Celle-ci considéra longtemps la jeune anglaise sans parler, et elle parut deviner un trouble quelconque dans l’esprit de son amie.

— Margaret, dit-elle gravement, tu n’es pas venue uniquement pour me faire tes adieux, mais aussi pour me confier quelque chose qui t’importune.

— C’est vrai, avoua tristement Margaret. Mais je ne serais pas partie sans venir t’embrasser. Et je t’assure que ce départ pour l’Angleterre me cause beaucoup de chagrins.

— Pauvre Margaret ! soupira Louise.

— Vois-tu, ma chère Louise, j’avais appris à aimer ce pays et ceux qui l’habitent.

— Il faut rester, en ce cas.

— Impossible. Nous ne sommes plus dans une situation bien florissante, et mon père veut aller se remettre dans les affaires à Londres.

— Je te plains bien, si tu quittes le Canada avec regrets, je sais moi-même ce que c’est que de vivre loin du pays qu’on aime. Si tu savais seulement combien je me suis ennuyée là-bas de mon beau Canada ! Souvent j’ai pleuré.

— Et pourtant, Louise, tu avais autour de toi des êtres chéris : un mari qui t’aime follement, des enfants beaux comme le soleil !

— C’est vrai. Sans eux je ne sais ce que je serais devenue. Et avec l’ennui j’avais sur le cœur deux deuils atroces : mon cher frère assassiné par je ne sais quel barbare, et mon père que tuait peu à peu la captivité !

— Oh ! s’écria Margaret, nous avons traversé des temps affreux, c’est aujourd’hui que j’en constate toute l’horreur ! Aussi, suis-je venue en même temps me décharger d’un remords que je ne peux emporter avec moi ! Oui, Louise, tu as bien deviné que j’ai un terrible secret à te dévoiler.

— Ô mon Dieu ! que viens-tu m’apprendre ? demanda Louise en pâlissant.

— Je veux te dire qui a été le meurtrier de ton frère !

— Tu le connais ?

— Je le connaissais…

— Oh ! parle, Margaret, parle vite ! s’écria Louise avec agitation. S’il n’est pas trop tard pour que cet homme soit châtié, il le sera justement ! Parle !

— Celui qui a tué ton frère, Pierre Darmontel, c’est mon cousin, Daniel Foxham !

— Foxham !… murmura Louise sans trop d’étonnement. Et elle ajouta : Je l’avais un peu soupçonné de ce meurtre !

— Seulement, ma chère Louise, Foxham n’avait pas prémédité cet assassinat, en ce sens qu’il ne voulait nullement tuer ton frère qu’il ne connaissait pas ! Il avait pensé qu’il tuait monsieur Saint-Vallier !

— Foxham !… murmura encore Louise qui demeura sombre et pensive.

— Hélas ! ma chère amie, tu ne saurais t’imaginer toute l’horreur que j’ai éprouvée quand j’ai connu les crimes de cet homme. Et c’était mon cousin et je l’avais aimé !

— Pauvre enfant ! soupira Louise qui vit des larmes dans les yeux de Margaret.

— Aussi, suis-je venue pour essayer d’empêcher un autre meurtre non moins abominable !

— Un autre meurtre ! s’écria Louise… Ah ! mais cette fois tu m’épouvantes, Margaret.

Elle eut le rapide pressentiment qu’on en voulait encore à Saint-Vallier.
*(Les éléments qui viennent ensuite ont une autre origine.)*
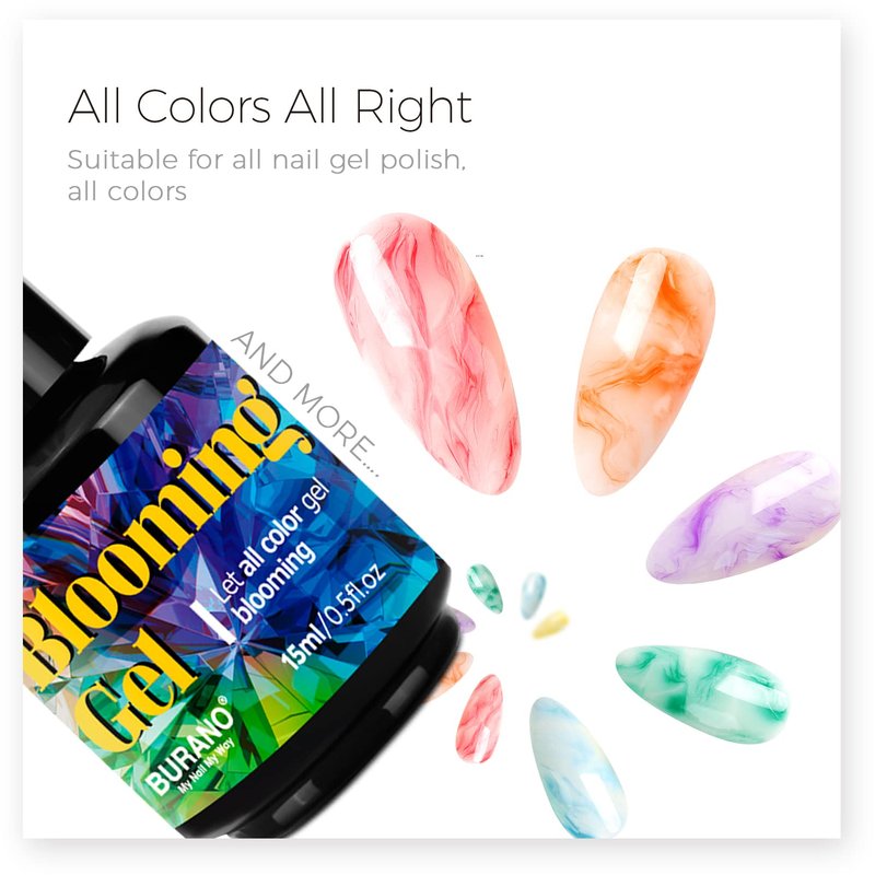 - Amazing Consistency Watercolor Nails Blooming Effects : BURANO Clear Blooming Gel, suit for all nail art system, u can pick the base colors and all the gel polish can bloom out gorgeous effect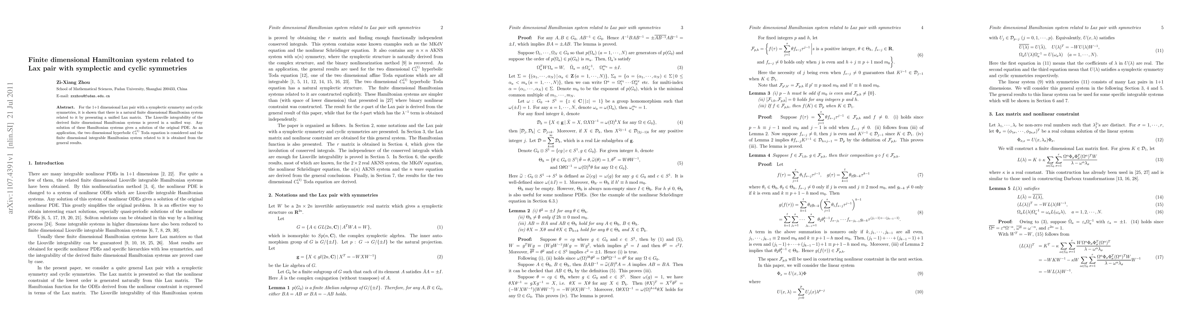 This paper establishes a finite dimensional Hamiltonian system linked to a 1+1 dimensional Lax pair featuring symplectic and cyclic symmetries, proving its Liouville integrability and demonstrating that solutions of the Hamiltonian system correspond to solutions of the original PDE. An application to the two-dimensional hyperbolic $C_n^{(1)}$ Toda equation is also presented.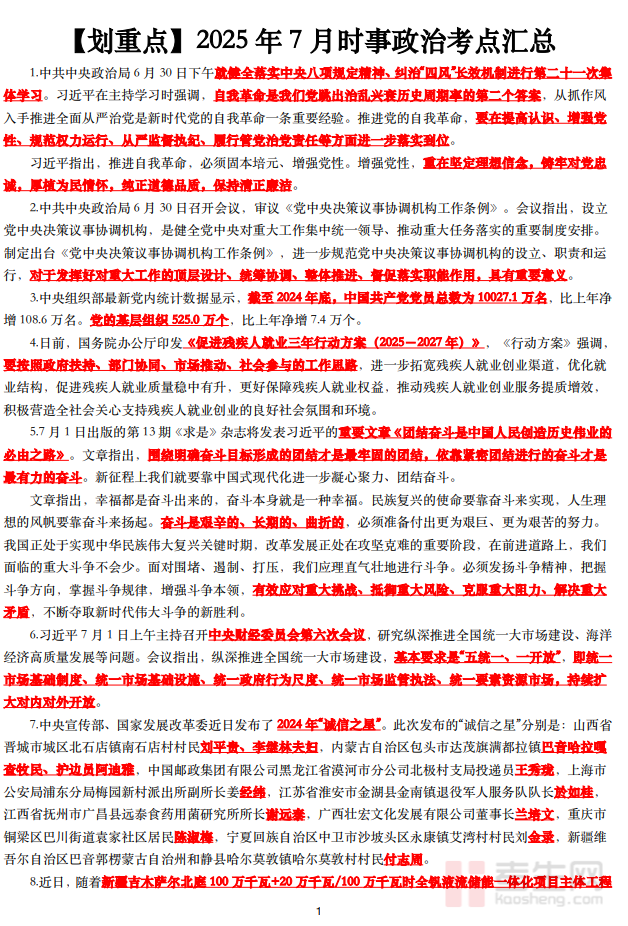 时事政治是国考、省考行测常识判断与申论写作的核心模块,也是备考过程中易出现遗漏、难以系统梳理的内容。针对这一备考难点,特整理这份《公考时事政治考点汇总》,为大家提供系统的备考支撑,助力直击核心考点。

Puis, elle ajouta :

— Mais je pensais Foxham parti !

— Il est en Angleterre, en effet, et il y est allé avec le dessein de faire disparaître Du Calvet !

— Ah ! il en veut encore à Du Calvet !

— Il a pour ce gentilhomme français une haine que je ne peux m’expliquer.

Les deux amies s’entretinrent longtemps, puis Miss Margaret se retira lorsque Saint-Vallier entra, après avoir été absent tout le jour.

Après le départ de Margaret Toller, Louise mit son mari au courant des choses terribles que lui avait apprises la jeune anglaise.

Saint-Vallier frémit de colère.

— Oh ! grinça-t-il, pourquoi n’ai-je pas envoyé en enfer ce Foxham maudit ! N’importe ! je vais écrire à l’instant à Du Calvet pour le mettre sur ses gardes. Je vais également écrire à Saint-Martin afin qu’il fasse dépister ce bandit !

Et Saint-Vallier pénétra dans son étude pour écrire ces lettres.